Any coincidence? Sounds familiar?

jueves, 6 de enero de 2011

Opening the year with Machiavelli

What is a freedom and free government? Let his authority speak for itself:

"Republican governments, more especially those imperfectly organized, frequently change their rules and the form of their institutions; not by the influence of liberty and subjection, as many suppose, but by that of slavery and license; for with the nobility or the people, the ministers respectively of slavery or licentiousness, only the name or liberty is in estimation, neither of them choosing to be subject either to magistrates or laws. When, however, a good, wise, and powerful citizen appears (which is but seldom), who established ordinances capable of appeasing or restraining these contending dispositions, so as to prevent them from doing mischief, then the government may be called free, and its institutions firm and secure; for having good laws for its basis, and good regulations for carrying them into effect, it needs not, like others, the virtue of one man for its maintenance.
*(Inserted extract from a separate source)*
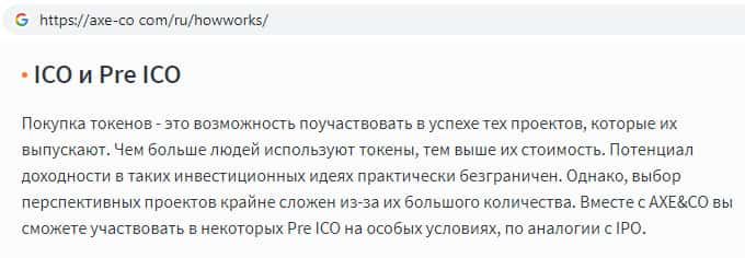 axe-co com - официальный интернет-ресурс лохотрона Аксе и Ко

With such excellent laws and institutions, many of those ancient republics, which were of long duration, were endowed. But these advantages are, and always have been, denied to those which frequently change from tyranny to license, or the reverse; because, from the powerful enemies which each condition creates itself, they neither have, nor can possess any stability; for tyranny cannot please the good, and license is offensive to the wise: the former may easily be productive of mischief, while the latter can scarcely be beneficial; in the former, the insolent have too much authority, and in the latter, the foolish; so that each requires for their welfare the virtue and the good fortune of some individual who may be removed by death, or become unserviceable by misfortune" (Machiavelli: History of Florence: IV: Ch.1).